┌────────
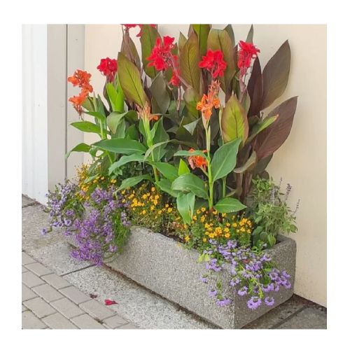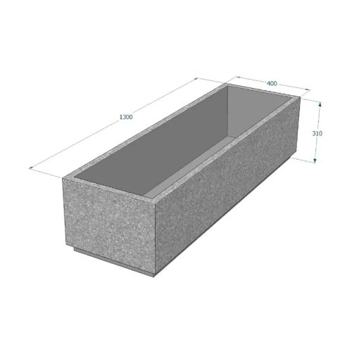 Betona puķu pods (taisnstūrveida). Izmēri: garums 1300mm, platums 400mm, augstums 310mm. Svars: 135kg. Iespējamie betona toņi: P101, P103, P104, P106, S101, S103, S104, S205.
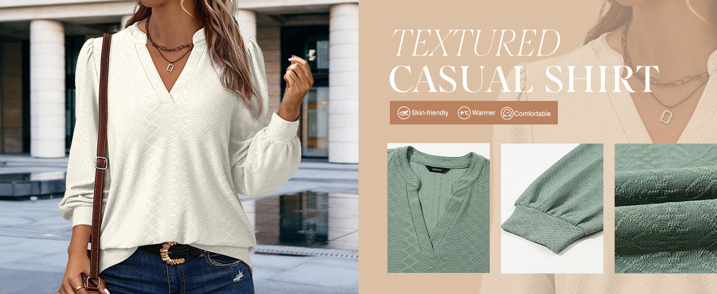Dokotoo Spring Tops for Women Dressy Casual 2025 V Neck Long Sleeve Blouses
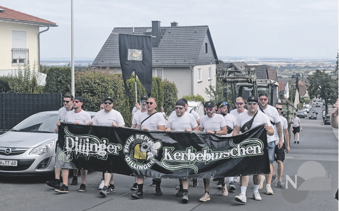 Friedrichsdorf (fw). Am Morgen hatten ihn die Kerbeburschen den Kerbebaum für die Dillinger Kerb aus dem Friedrichsdorfer Wald in der Nähe des Pelagius Platzes geholt, ihn grün-weiß geschmückt und auf einen Anhänger geladen. Damit ging es dann mit Musik, guter Stimmung und gekühltem Apfelwein auf eine Tour durch den Ort, bei der es den einen oder anderen Versorgungs-Stopp gab. Im Anschluss an das Baumstellen luden die Dillinger Kerbebienen die zahlreichen Gäste in den Hof der Familie Halbig an der Kreuzgass‘ ein. Dort erwartete die Besucher ein reichhaltiges Angebot an kalten Getränken, frisch Gegrilltem und eine Auswahl an hausgemachten Salaten. In gemütlicher Atmosphäre wurden sich hier alte Geschichten erzählt, zu neuen Liedern gefeiert und sich auf die beginnende Kerbezeit eingestimmt. Ein weiteres Highlight der Vorkerb war der Wettkampf um den Titel des Dillinger Nagelkönigs. Bei diesem Turnier muss in mehreren Runden jeweils ein langer Nagel mit Präzision in einen Holzklotz geschlagen werden. Am Ende setzte sich der Kerbebursche Janis Hostert gegen seine Kontrahenten durch. Dieser spannende Wettbewerb sorgte für viel Heiterkeit, stimmte die Anwesenden perfekt auf die bevorstehende Kerb ein und weckte die Vorfreude auf die kommenden Festtage in Dillingen.
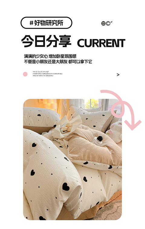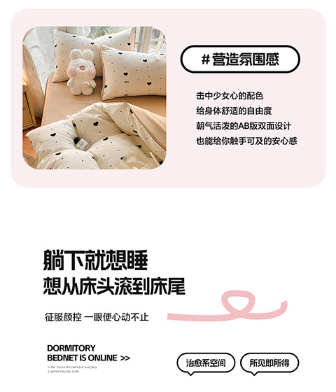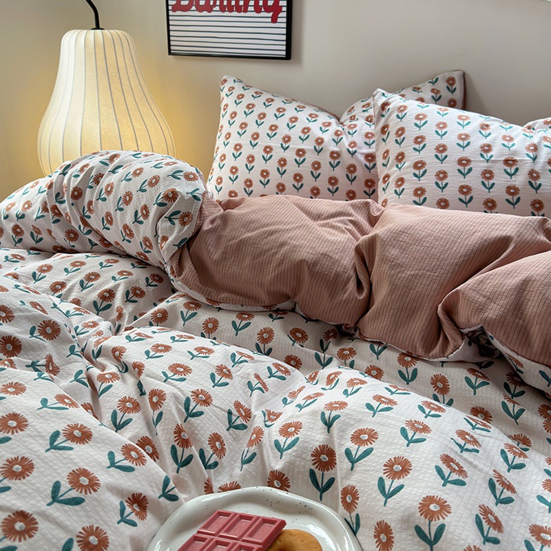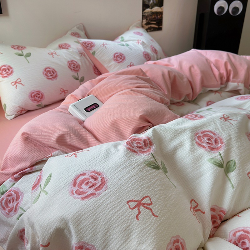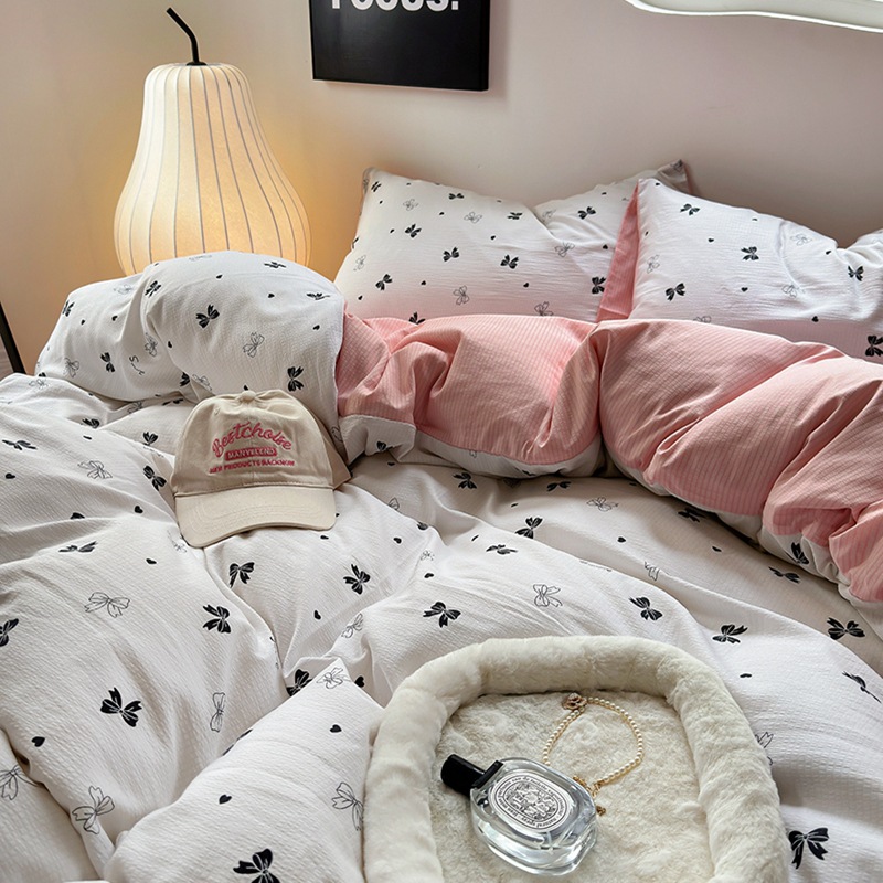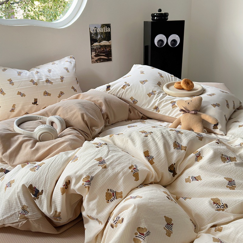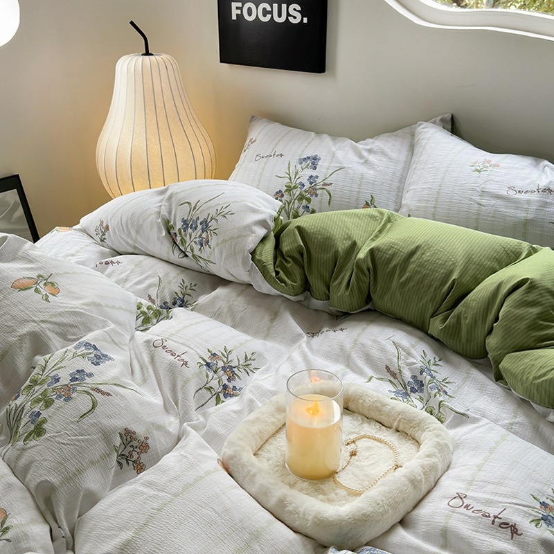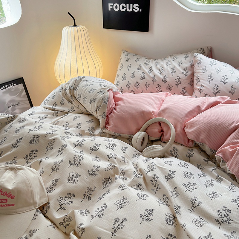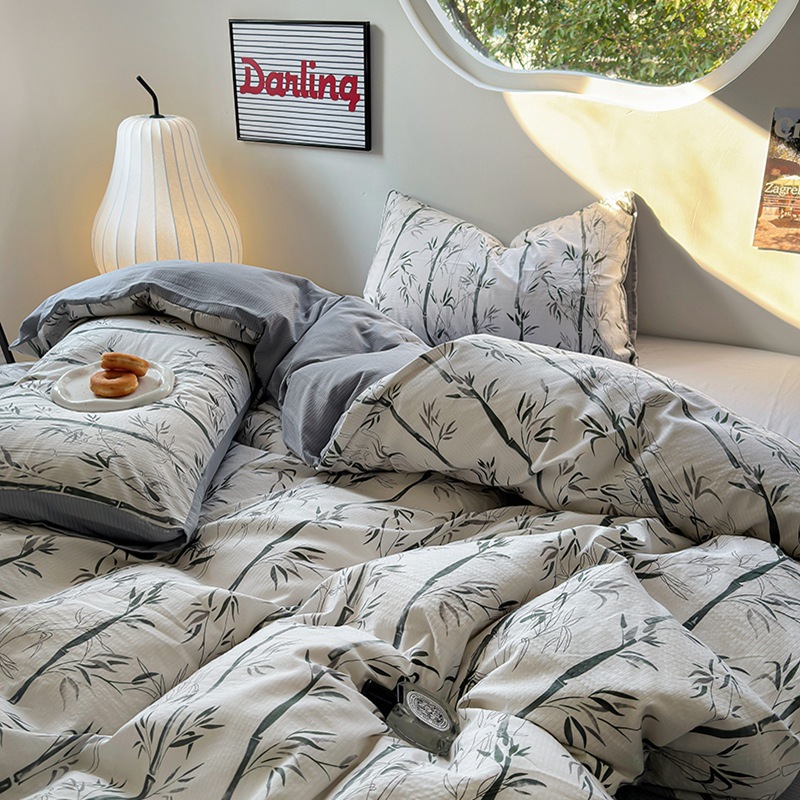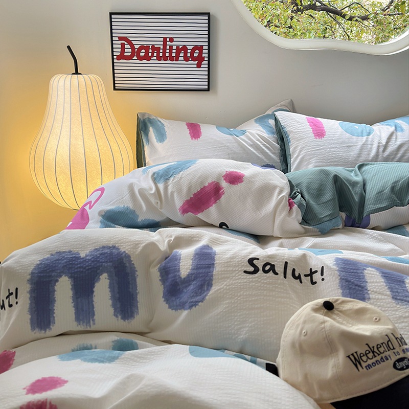 Class A maternal and child-grade double-layer yarn bubble cotton four-piece set printed washed cotton three-piece cotton quilt cover dormitory bedding
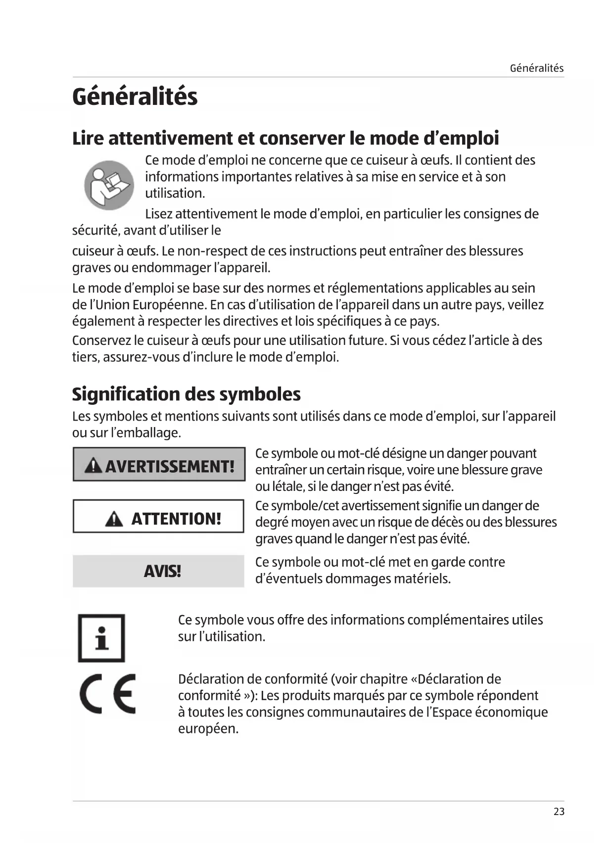 Généralités Lire attentivement et conserver le mode d’emploi Ce mode d’emploi ne concerne que ce cuiseur à œufs. Il contient des informations importantes relatives à sa mise en service et à son utilisation. Lisez attentivement le mode d’emploi, en particulier les consignes de sécurité, avant d’utiliser le cuiseur à œufs. Le non-respect de ces instructions peut entraîner des blessures graves ou endommager l’appareil. Le mode d’emploi se base sur des normes et réglementations applicables au sein de l’Union Européenne. En cas d’utilisation de l’appareil dans un autre pays, veillez également à respecter les directives et lois spécifiques à ce pays. Conservez le cuiseur à œufs pour une utilisation future. Si vous cédez l’article à des tiers, assurez-vous d’inclure le mode d’emploi. Signification des symboles Les symboles et mentions suivants sont utilisés dans ce mode d’emploi, sur l’appareil ou sur l’emballage. AVERTISSEMENT! Ce symbole ou mot-clé désigne un danger pouvant entraîner un certain risque, voire une blessure grave ou létale, si le danger n’est pas évité. ATTENTION! Ce symbole/cet avertissement signifie un danger de degré moyen avec un risque de décès ou des blessures graves quand le danger n’est pas évité. AVIS! Ce symbole ou mot-clé met en garde contre d’éventuels dommages matériels. Ce symbole vous offre des informations complémentaires utiles sur l’utilisation. Déclaration de conformité (voir chapitre «Déclaration de conformité »): Les produits marqués par ce symbole répondent à toutes les consignes communautaires de l’Espace économique européen. Buch_CH_Eierkocher.indb 23Buch_CH_Eierkocher.indb 23 20.09.2022 11:49:3120.09.2022 11:49:31Sécurité
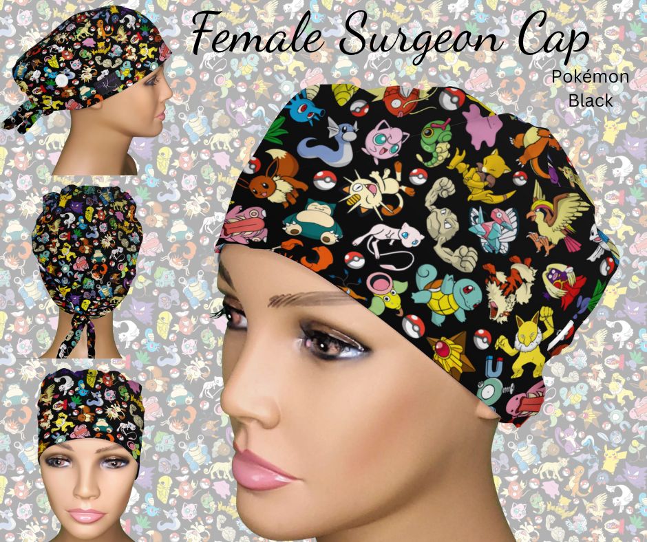 6. Female Surgeon Caps: Euro-Pixie Blend with Fabric Ties for Low Buns"
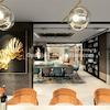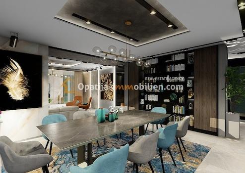 Das Erdgeschoss ist als Wohnzimmer mit Kamin, Esszimmer und offener Küche mit einem Überlaufpool von 43 m2 und einer Terrasse konzipiert, die die beiden Einheiten verbindet. Küchengeräte und andere Möbel sind von höchster Qualität.
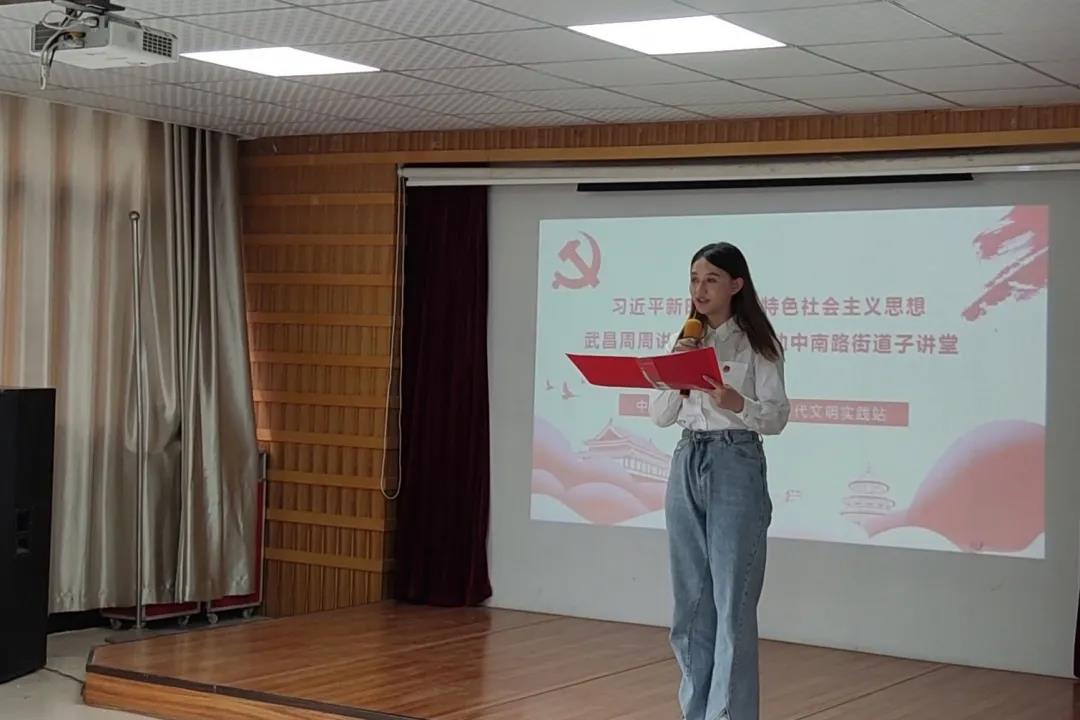 5月14日下午,华中师范大学新闻传播学院副教授李理带领“大学生红心宣讲团”走进武昌静安社区,开展《红色经典阅读与传播》社会实践课程。课程旨在通过讲述中国共产党诞生的历史故事,引导广大党员干部和群众共同学党史、知党情、感党恩、跟党走。本次课程联合武昌区中南路街道静安社区、湖北省社会科学界联合会、湖北省演讲协会、梅苑学校小学部和长春社区共同开展,参加课程的党员和师生代表共60余人。
└────────
--- WORK INSTRUCTIONS ---
Leaving the pictures out, output the material exactly as it appears.

--- PROBLEM SOLUTION ---
 Betona puķu pods (taisnstūrveida). Izmēri: garums 1300mm, platums 400mm, augstums 310mm. Svars: 135kg. Iespējamie betona toņi: P101, P103, P104, P106, S101, S103, S104, S205.
Dokotoo Spring Tops for Women Dressy Casual 2025 V Neck Long Sleeve Blouses
 Friedrichsdorf (fw). Am Morgen hatten ihn die Kerbeburschen den Kerbebaum für die Dillinger Kerb aus dem Friedrichsdorfer Wald in der Nähe des Pelagius Platzes geholt, ihn grün-weiß geschmückt und auf einen Anhänger geladen. Damit ging es dann mit Musik, guter Stimmung und gekühltem Apfelwein auf eine Tour durch den Ort, bei der es den einen oder anderen Versorgungs-Stopp gab. Im Anschluss an das Baumstellen luden die Dillinger Kerbebienen die zahlreichen Gäste in den Hof der Familie Halbig an der Kreuzgass‘ ein. Dort erwartete die Besucher ein reichhaltiges Angebot an kalten Getränken, frisch Gegrilltem und eine Auswahl an hausgemachten Salaten. In gemütlicher Atmosphäre wurden sich hier alte Geschichten erzählt, zu neuen Liedern gefeiert und sich auf die beginnende Kerbezeit eingestimmt. Ein weiteres Highlight der Vorkerb war der Wettkampf um den Titel des Dillinger Nagelkönigs. Bei diesem Turnier muss in mehreren Runden jeweils ein langer Nagel mit Präzision in einen Holzklotz geschlagen werden. Am Ende setzte sich der Kerbebursche Janis Hostert gegen seine Kontrahenten durch. Dieser spannende Wettbewerb sorgte für viel Heiterkeit, stimmte die Anwesenden perfekt auf die bevorstehende Kerb ein und weckte die Vorfreude auf die kommenden Festtage in Dillingen.
 Class A maternal and child-grade double-layer yarn bubble cotton four-piece set printed washed cotton three-piece cotton quilt cover dormitory bedding
 Généralités Lire attentivement et conserver le mode d’emploi Ce mode d’emploi ne concerne que ce cuiseur à œufs. Il contient des informations importantes relatives à sa mise en service et à son utilisation. Lisez attentivement le mode d’emploi, en particulier les consignes de sécurité, avant d’utiliser le cuiseur à œufs. Le non-respect de ces instructions peut entraîner des blessures graves ou endommager l’appareil. Le mode d’emploi se base sur des normes et réglementations applicables au sein de l’Union Européenne. En cas d’utilisation de l’appareil dans un autre pays, veillez également à respecter les directives et lois spécifiques à ce pays. Conservez le cuiseur à œufs pour une utilisation future. Si vous cédez l’article à des tiers, assurez-vous d’inclure le mode d’emploi. Signification des symboles Les symboles et mentions suivants sont utilisés dans ce mode d’emploi, sur l’appareil ou sur l’emballage. AVERTISSEMENT! Ce symbole ou mot-clé désigne un danger pouvant entraîner un certain risque, voire une blessure grave ou létale, si le danger n’est pas évité. ATTENTION! Ce symbole/cet avertissement signifie un danger de degré moyen avec un risque de décès ou des blessures graves quand le danger n’est pas évité. AVIS! Ce symbole ou mot-clé met en garde contre d’éventuels dommages matériels. Ce symbole vous offre des informations complémentaires utiles sur l’utilisation. Déclaration de conformité (voir chapitre «Déclaration de conformité »): Les produits marqués par ce symbole répondent à toutes les consignes communautaires de l’Espace économique européen. Buch_CH_Eierkocher.indb 23Buch_CH_Eierkocher.indb 23 20.09.2022 11:49:3120.09.2022 11:49:31Sécurité
 6. Female Surgeon Caps: Euro-Pixie Blend with Fabric Ties for Low Buns"
 Das Erdgeschoss ist als Wohnzimmer mit Kamin, Esszimmer und offener Küche mit einem Überlaufpool von 43 m2 und einer Terrasse konzipiert, die die beiden Einheiten verbindet. Küchengeräte und andere Möbel sind von höchster Qualität.
 5月14日下午,华中师范大学新闻传播学院副教授李理带领“大学生红心宣讲团”走进武昌静安社区,开展《红色经典阅读与传播》社会实践课程。课程旨在通过讲述中国共产党诞生的历史故事,引导广大党员干部和群众共同学党史、知党情、感党恩、跟党走。本次课程联合武昌区中南路街道静安社区、湖北省社会科学界联合会、湖北省演讲协会、梅苑学校小学部和长春社区共同开展,参加课程的党员和师生代表共60余人。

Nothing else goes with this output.